── INFORMATION ──

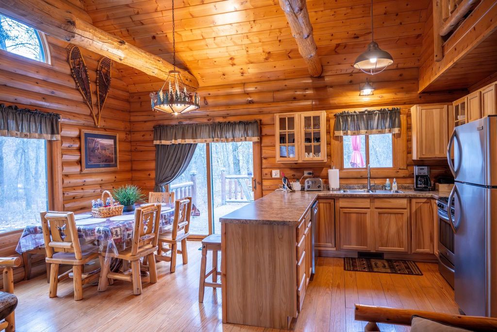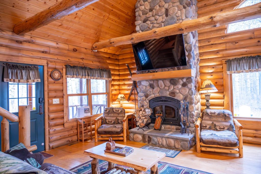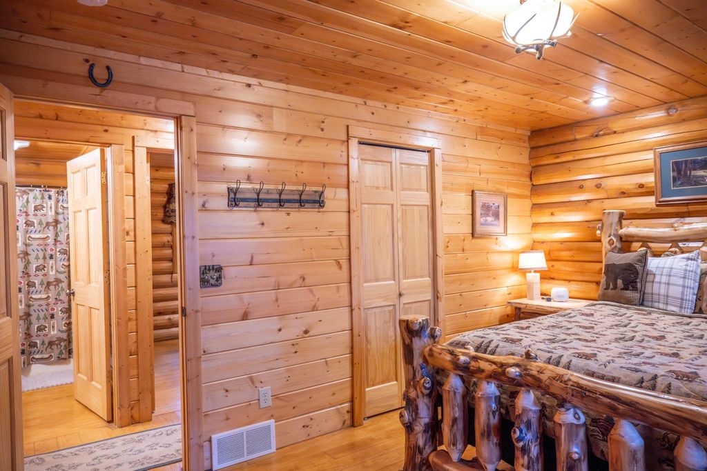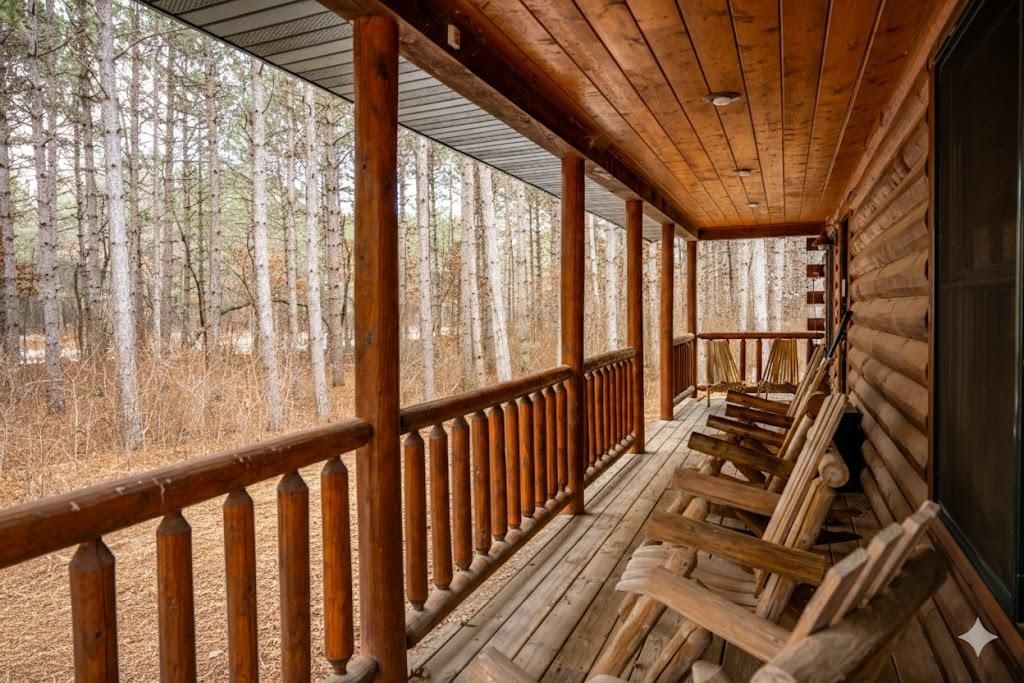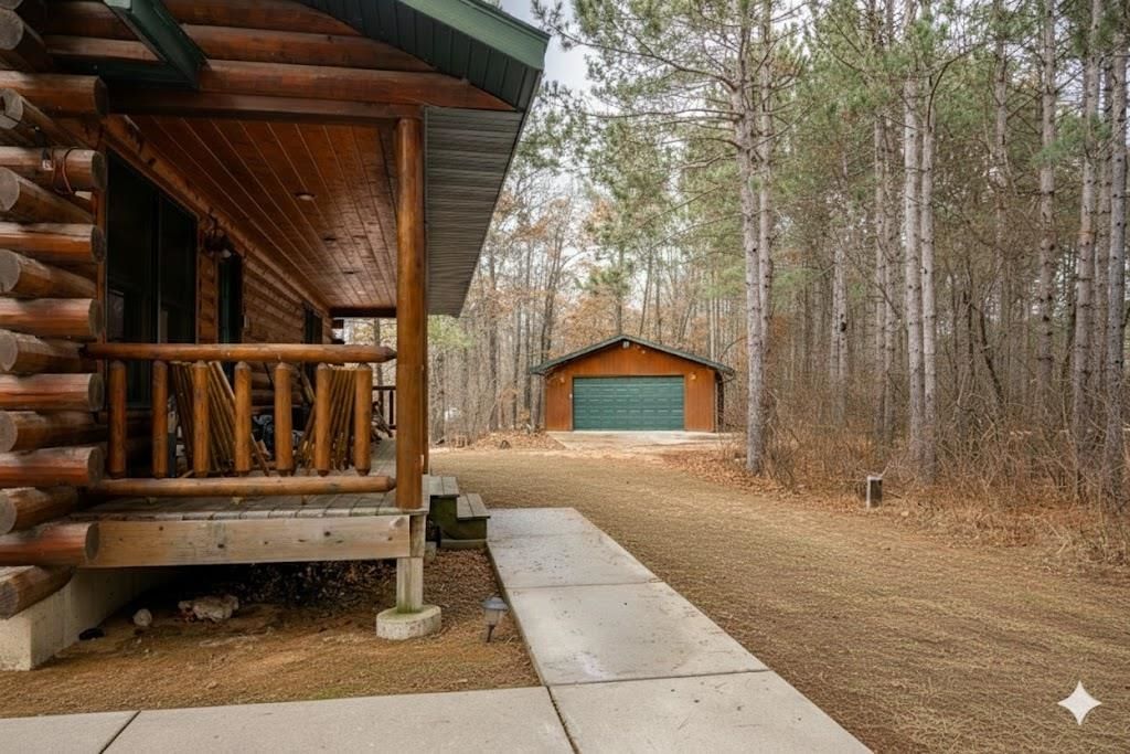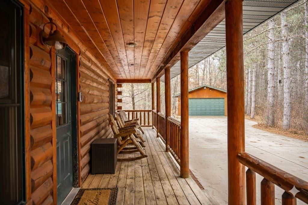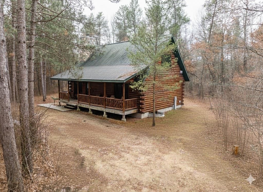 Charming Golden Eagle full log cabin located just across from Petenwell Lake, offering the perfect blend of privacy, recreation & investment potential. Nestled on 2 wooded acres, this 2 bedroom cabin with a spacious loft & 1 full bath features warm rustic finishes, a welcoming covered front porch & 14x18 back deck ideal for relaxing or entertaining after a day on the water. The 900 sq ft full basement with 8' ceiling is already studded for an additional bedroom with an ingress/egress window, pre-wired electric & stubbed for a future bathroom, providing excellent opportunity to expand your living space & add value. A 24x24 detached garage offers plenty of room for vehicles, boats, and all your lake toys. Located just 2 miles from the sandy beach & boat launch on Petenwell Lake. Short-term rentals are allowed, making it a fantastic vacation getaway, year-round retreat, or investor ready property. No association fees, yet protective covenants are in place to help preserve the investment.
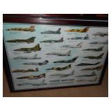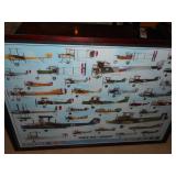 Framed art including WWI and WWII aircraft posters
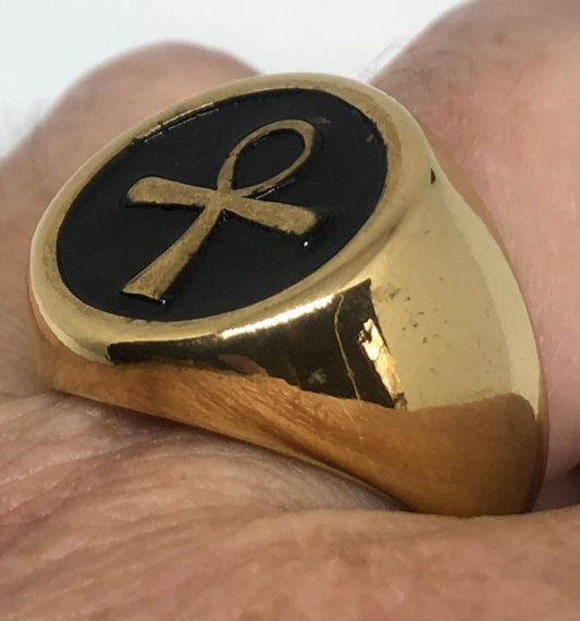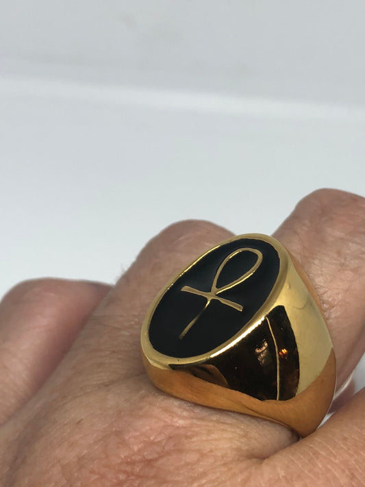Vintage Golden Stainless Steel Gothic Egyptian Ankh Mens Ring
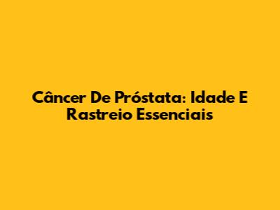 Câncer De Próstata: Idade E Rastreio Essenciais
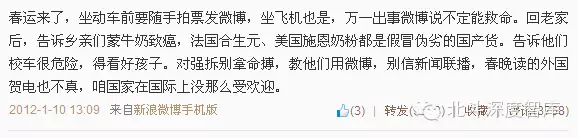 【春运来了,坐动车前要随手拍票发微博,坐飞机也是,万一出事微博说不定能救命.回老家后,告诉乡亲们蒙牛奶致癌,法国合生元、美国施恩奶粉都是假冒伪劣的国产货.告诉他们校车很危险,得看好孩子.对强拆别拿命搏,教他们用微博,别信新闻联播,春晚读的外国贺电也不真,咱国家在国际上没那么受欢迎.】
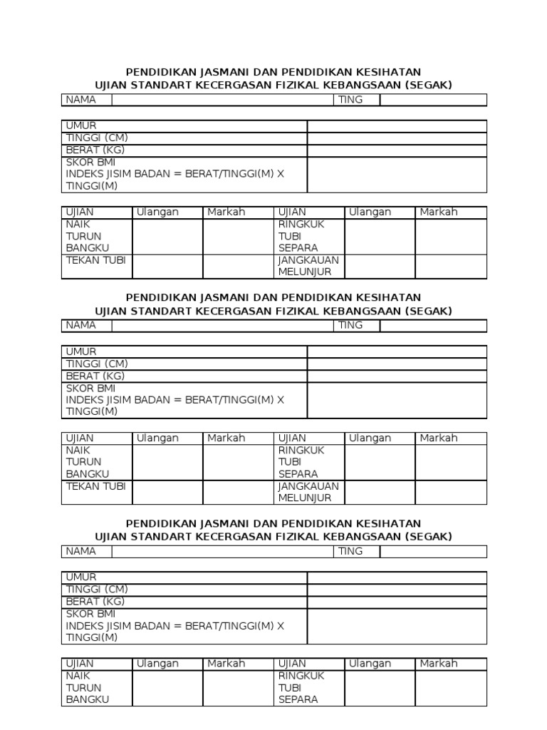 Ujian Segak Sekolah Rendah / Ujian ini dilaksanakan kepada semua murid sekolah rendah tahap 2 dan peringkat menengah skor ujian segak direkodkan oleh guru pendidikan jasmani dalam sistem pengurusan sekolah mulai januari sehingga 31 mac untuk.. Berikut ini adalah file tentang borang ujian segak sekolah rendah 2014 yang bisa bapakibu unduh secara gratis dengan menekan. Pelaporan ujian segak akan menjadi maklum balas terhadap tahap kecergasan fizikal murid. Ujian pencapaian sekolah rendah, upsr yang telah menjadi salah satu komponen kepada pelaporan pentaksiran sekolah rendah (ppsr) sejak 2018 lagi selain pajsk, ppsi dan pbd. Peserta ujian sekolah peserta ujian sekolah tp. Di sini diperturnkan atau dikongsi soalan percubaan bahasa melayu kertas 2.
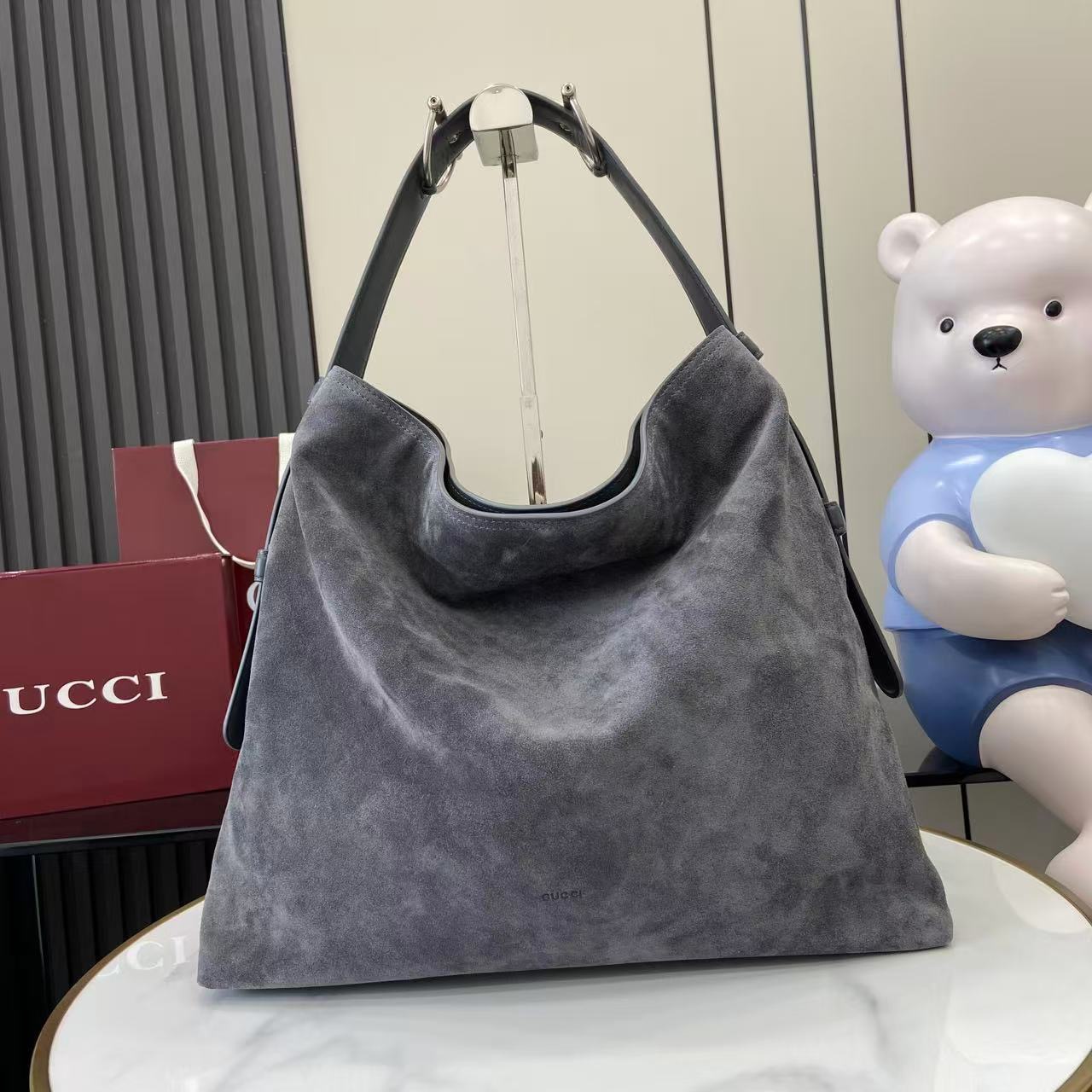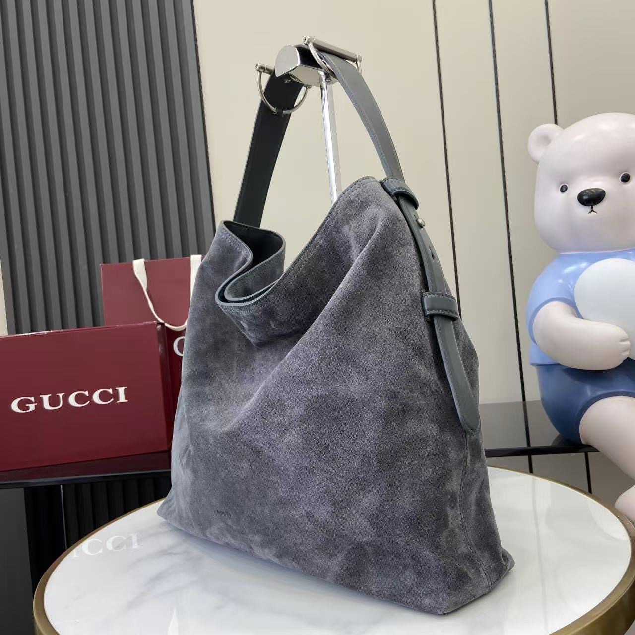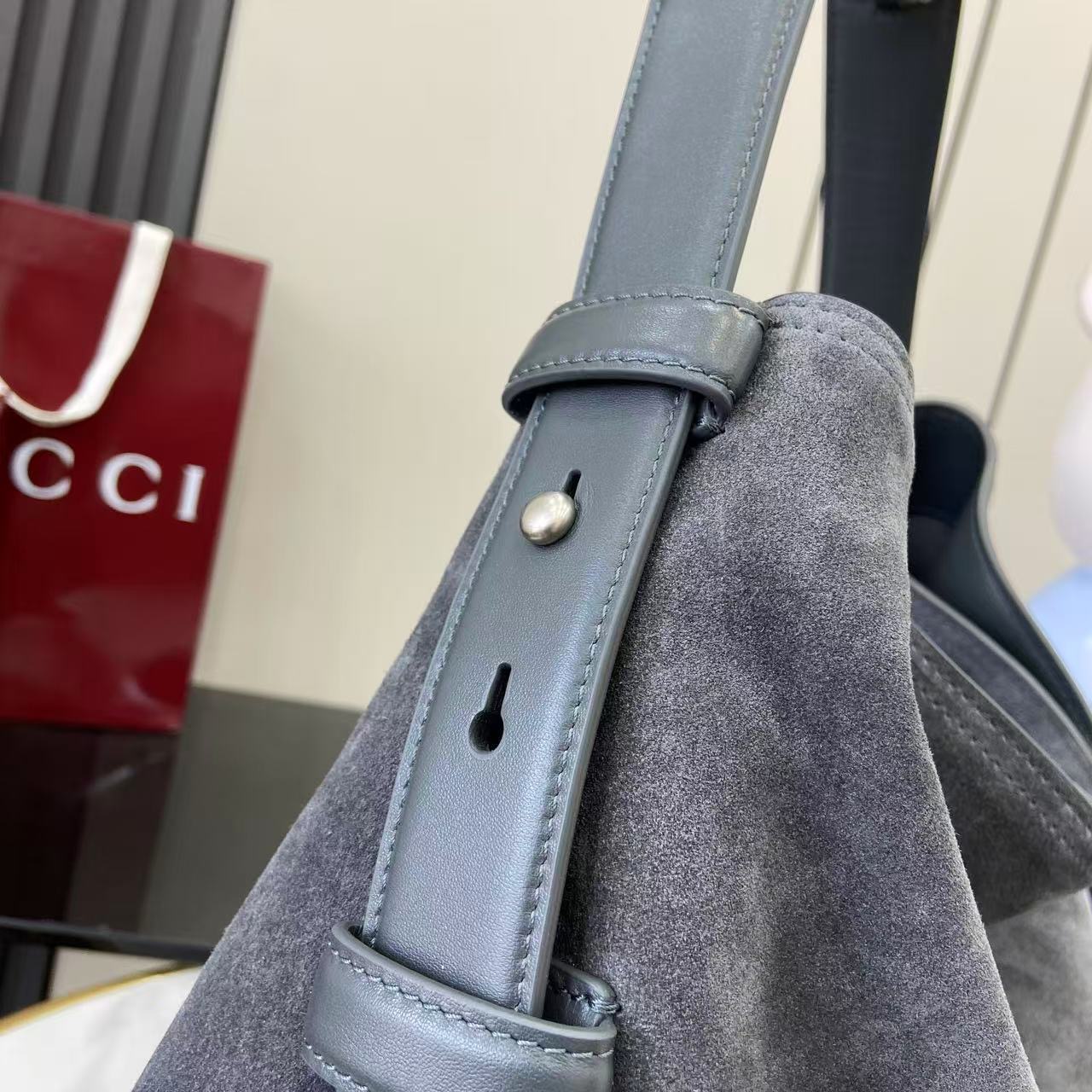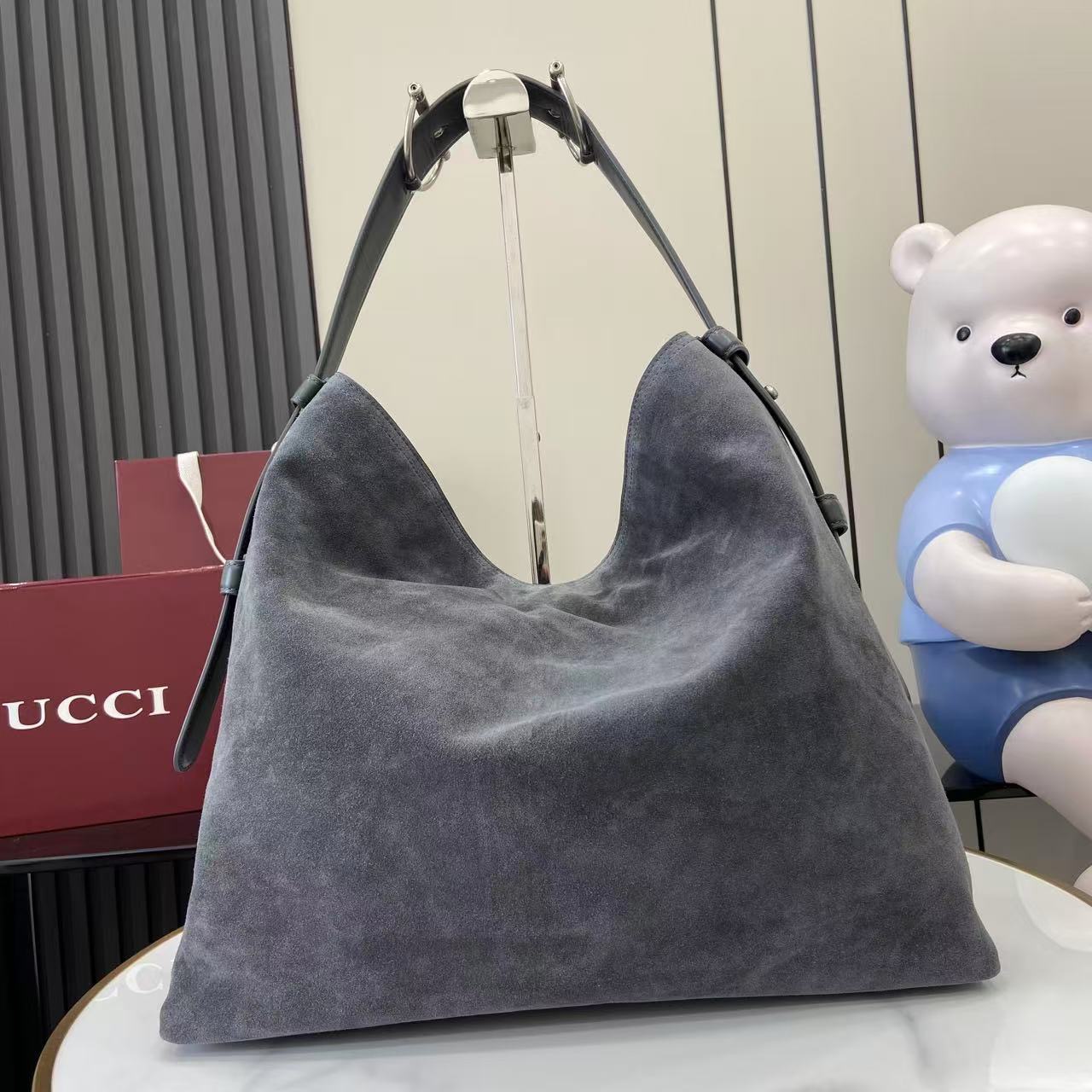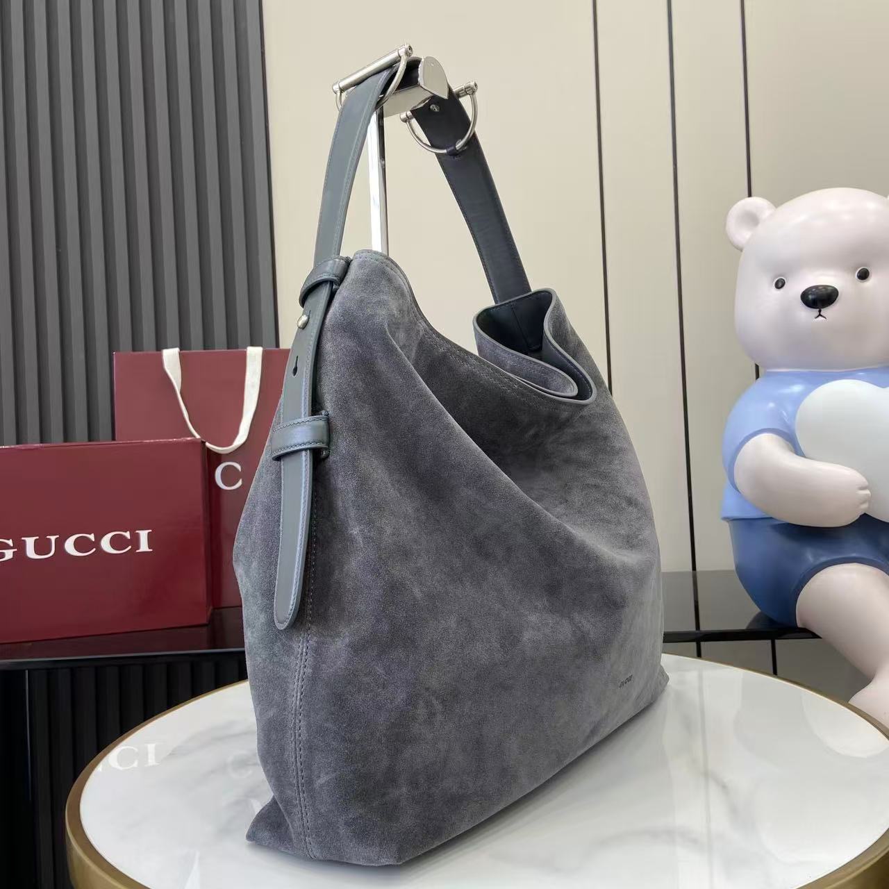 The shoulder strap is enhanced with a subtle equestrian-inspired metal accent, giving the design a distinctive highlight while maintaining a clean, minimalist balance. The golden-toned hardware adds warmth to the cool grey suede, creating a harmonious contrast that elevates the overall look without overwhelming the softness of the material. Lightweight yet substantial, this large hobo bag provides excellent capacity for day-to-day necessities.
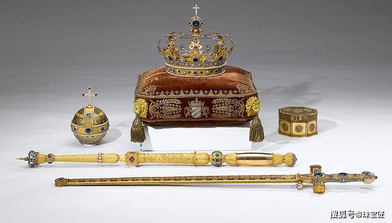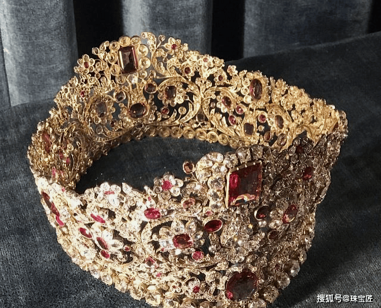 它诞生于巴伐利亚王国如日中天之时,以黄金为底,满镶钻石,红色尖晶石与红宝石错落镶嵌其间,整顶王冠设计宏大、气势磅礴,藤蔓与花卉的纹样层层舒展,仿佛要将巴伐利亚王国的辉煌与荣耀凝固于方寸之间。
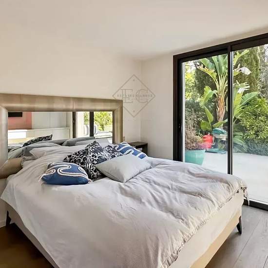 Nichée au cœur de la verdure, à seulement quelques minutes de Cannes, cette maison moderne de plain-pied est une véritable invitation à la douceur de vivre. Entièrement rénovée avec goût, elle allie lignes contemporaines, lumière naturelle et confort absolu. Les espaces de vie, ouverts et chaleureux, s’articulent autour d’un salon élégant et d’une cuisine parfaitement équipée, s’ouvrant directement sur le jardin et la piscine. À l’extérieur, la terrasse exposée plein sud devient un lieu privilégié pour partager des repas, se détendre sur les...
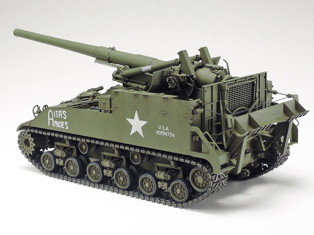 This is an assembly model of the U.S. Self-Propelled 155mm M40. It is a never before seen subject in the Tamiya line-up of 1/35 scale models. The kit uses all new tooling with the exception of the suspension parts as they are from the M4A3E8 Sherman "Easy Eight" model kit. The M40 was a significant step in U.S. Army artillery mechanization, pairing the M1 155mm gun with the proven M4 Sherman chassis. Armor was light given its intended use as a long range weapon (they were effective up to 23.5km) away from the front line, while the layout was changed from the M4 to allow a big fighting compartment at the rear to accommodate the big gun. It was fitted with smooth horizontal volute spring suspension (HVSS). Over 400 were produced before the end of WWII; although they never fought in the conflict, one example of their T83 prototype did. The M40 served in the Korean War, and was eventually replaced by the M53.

───

- TASK STATEMENT: Work from the entries above. Set down exactly and only the lines from the line with "Vintage Golden Stainless" to the line with "它诞生于巴伐利亚王国如日中天", both included, and leave the pictures out.

- ANSWER SECTION:
Vintage Golden Stainless Steel Gothic Egyptian Ankh Mens Ring
 Câncer De Próstata: Idade E Rastreio Essenciais
 【春运来了,坐动车前要随手拍票发微博,坐飞机也是,万一出事微博说不定能救命.回老家后,告诉乡亲们蒙牛奶致癌,法国合生元、美国施恩奶粉都是假冒伪劣的国产货.告诉他们校车很危险,得看好孩子.对强拆别拿命搏,教他们用微博,别信新闻联播,春晚读的外国贺电也不真,咱国家在国际上没那么受欢迎.】
 Ujian Segak Sekolah Rendah / Ujian ini dilaksanakan kepada semua murid sekolah rendah tahap 2 dan peringkat menengah skor ujian segak direkodkan oleh guru pendidikan jasmani dalam sistem pengurusan sekolah mulai januari sehingga 31 mac untuk.. Berikut ini adalah file tentang borang ujian segak sekolah rendah 2014 yang bisa bapakibu unduh secara gratis dengan menekan. Pelaporan ujian segak akan menjadi maklum balas terhadap tahap kecergasan fizikal murid. Ujian pencapaian sekolah rendah, upsr yang telah menjadi salah satu komponen kepada pelaporan pentaksiran sekolah rendah (ppsr) sejak 2018 lagi selain pajsk, ppsi dan pbd. Peserta ujian sekolah peserta ujian sekolah tp. Di sini diperturnkan atau dikongsi soalan percubaan bahasa melayu kertas 2.
 The shoulder strap is enhanced with a subtle equestrian-inspired metal accent, giving the design a distinctive highlight while maintaining a clean, minimalist balance. The golden-toned hardware adds warmth to the cool grey suede, creating a harmonious contrast that elevates the overall look without overwhelming the softness of the material. Lightweight yet substantial, this large hobo bag provides excellent capacity for day-to-day necessities.
 它诞生于巴伐利亚王国如日中天之时,以黄金为底,满镶钻石,红色尖晶石与红宝石错落镶嵌其间,整顶王冠设计宏大、气势磅礴,藤蔓与花卉的纹样层层舒展,仿佛要将巴伐利亚王国的辉煌与荣耀凝固于方寸之间。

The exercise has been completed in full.